— Task requirements —
Extract the opening line of the entries and every line after it, stopping at and including the line that contains "7月26日傍晚时分,太阳渐渐". Do not include pictures.

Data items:
################
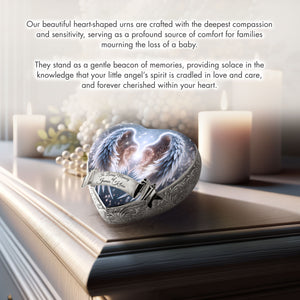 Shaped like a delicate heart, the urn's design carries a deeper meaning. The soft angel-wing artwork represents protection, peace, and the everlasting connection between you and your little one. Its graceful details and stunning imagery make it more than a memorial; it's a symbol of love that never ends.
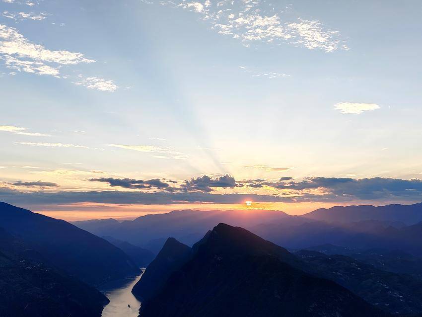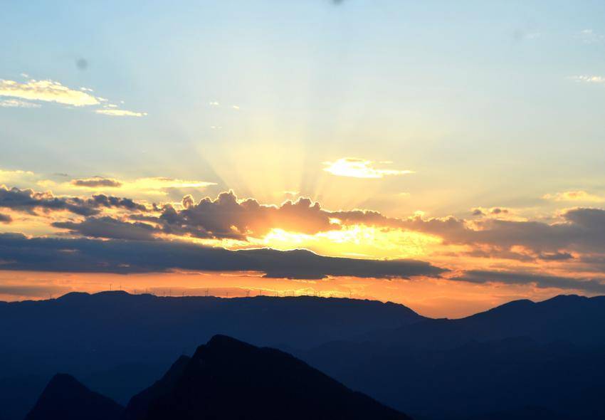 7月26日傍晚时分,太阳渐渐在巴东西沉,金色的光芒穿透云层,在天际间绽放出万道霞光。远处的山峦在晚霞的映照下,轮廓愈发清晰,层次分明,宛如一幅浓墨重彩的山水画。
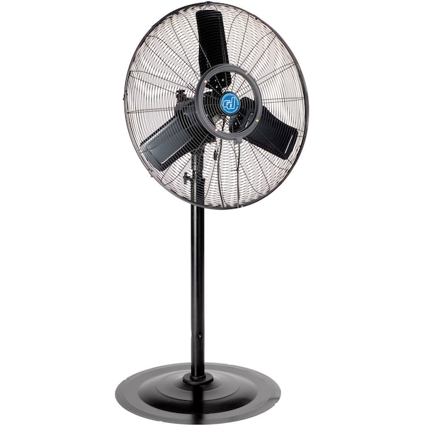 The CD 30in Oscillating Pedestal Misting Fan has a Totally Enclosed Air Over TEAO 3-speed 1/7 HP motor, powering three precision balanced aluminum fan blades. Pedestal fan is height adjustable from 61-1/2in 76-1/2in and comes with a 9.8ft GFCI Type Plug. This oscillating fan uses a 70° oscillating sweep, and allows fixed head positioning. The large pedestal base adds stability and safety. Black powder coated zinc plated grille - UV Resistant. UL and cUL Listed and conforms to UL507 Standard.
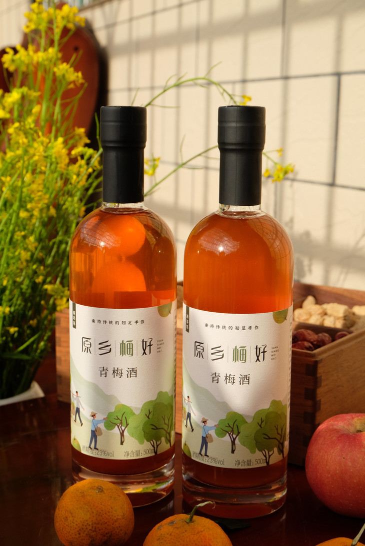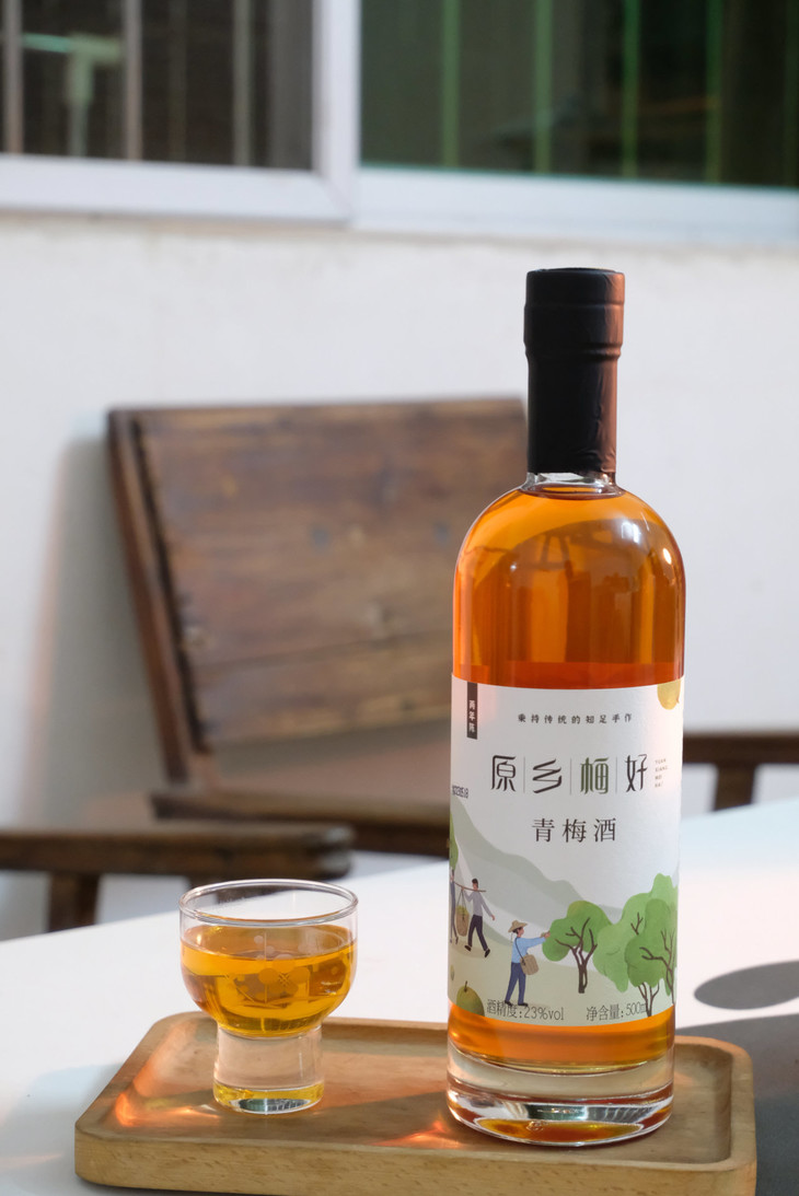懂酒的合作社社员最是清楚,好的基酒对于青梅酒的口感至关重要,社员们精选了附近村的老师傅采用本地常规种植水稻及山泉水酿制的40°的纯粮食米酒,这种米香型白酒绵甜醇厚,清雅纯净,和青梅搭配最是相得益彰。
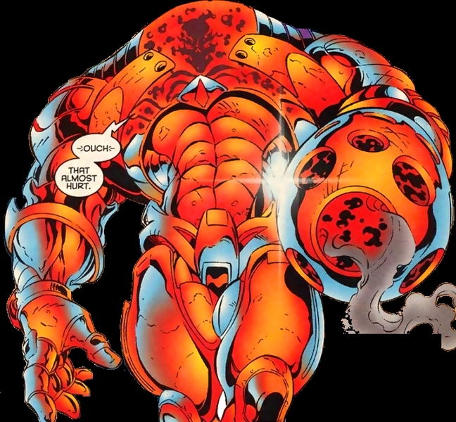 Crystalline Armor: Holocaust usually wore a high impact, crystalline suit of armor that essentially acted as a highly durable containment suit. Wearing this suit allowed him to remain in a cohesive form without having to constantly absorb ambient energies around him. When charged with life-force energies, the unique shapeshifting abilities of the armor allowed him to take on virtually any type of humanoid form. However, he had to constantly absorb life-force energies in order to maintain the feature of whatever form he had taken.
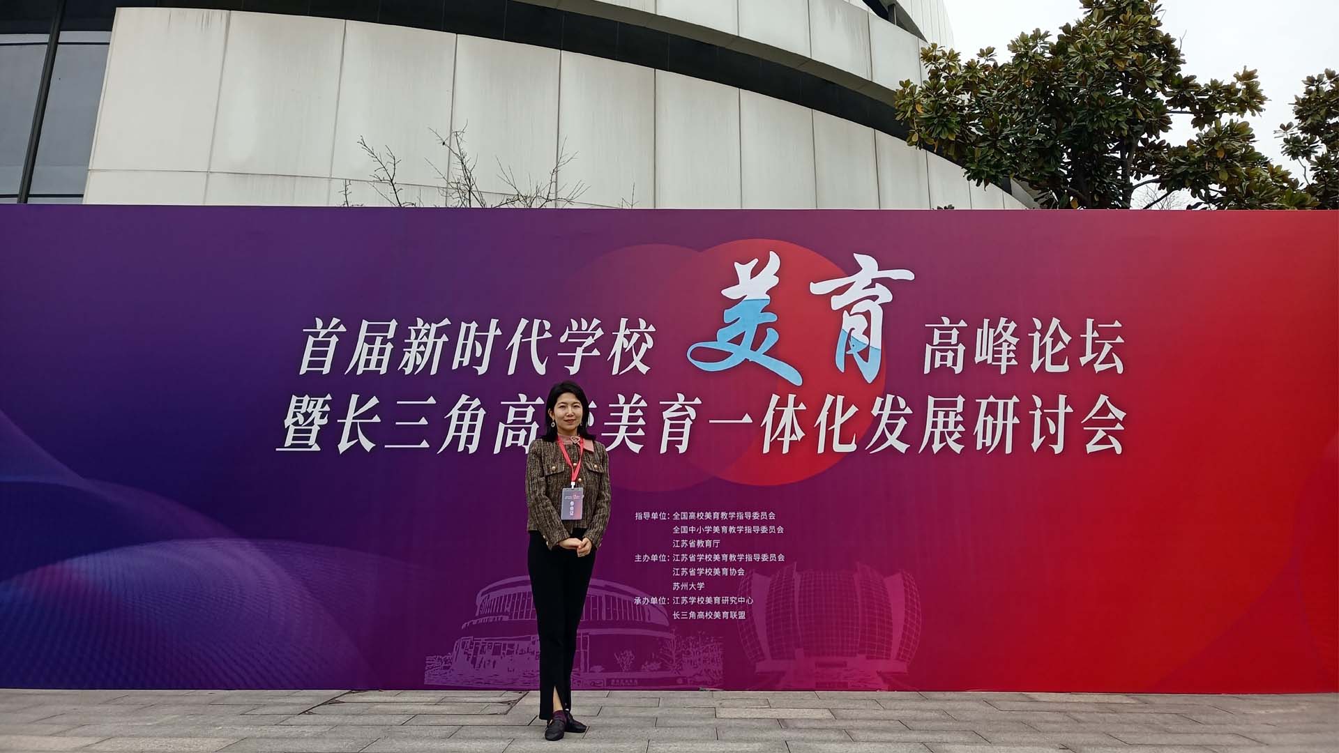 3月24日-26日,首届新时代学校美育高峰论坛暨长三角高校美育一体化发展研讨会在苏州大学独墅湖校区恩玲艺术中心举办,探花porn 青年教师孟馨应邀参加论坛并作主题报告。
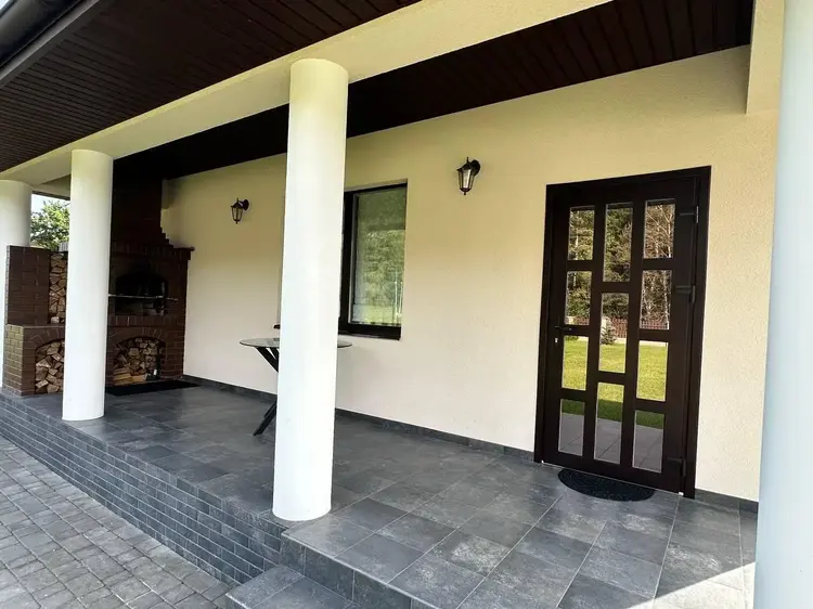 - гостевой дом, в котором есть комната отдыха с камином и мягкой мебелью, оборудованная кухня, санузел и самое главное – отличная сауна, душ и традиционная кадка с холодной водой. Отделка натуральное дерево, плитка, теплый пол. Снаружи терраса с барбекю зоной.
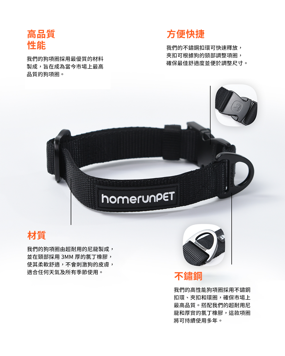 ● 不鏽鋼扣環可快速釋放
################
— Solution for this exercise —
 Shaped like a delicate heart, the urn's design carries a deeper meaning. The soft angel-wing artwork represents protection, peace, and the everlasting connection between you and your little one. Its graceful details and stunning imagery make it more than a memorial; it's a symbol of love that never ends.
 7月26日傍晚时分,太阳渐渐在巴东西沉,金色的光芒穿透云层,在天际间绽放出万道霞光。远处的山峦在晚霞的映照下,轮廓愈发清晰,层次分明,宛如一幅浓墨重彩的山水画。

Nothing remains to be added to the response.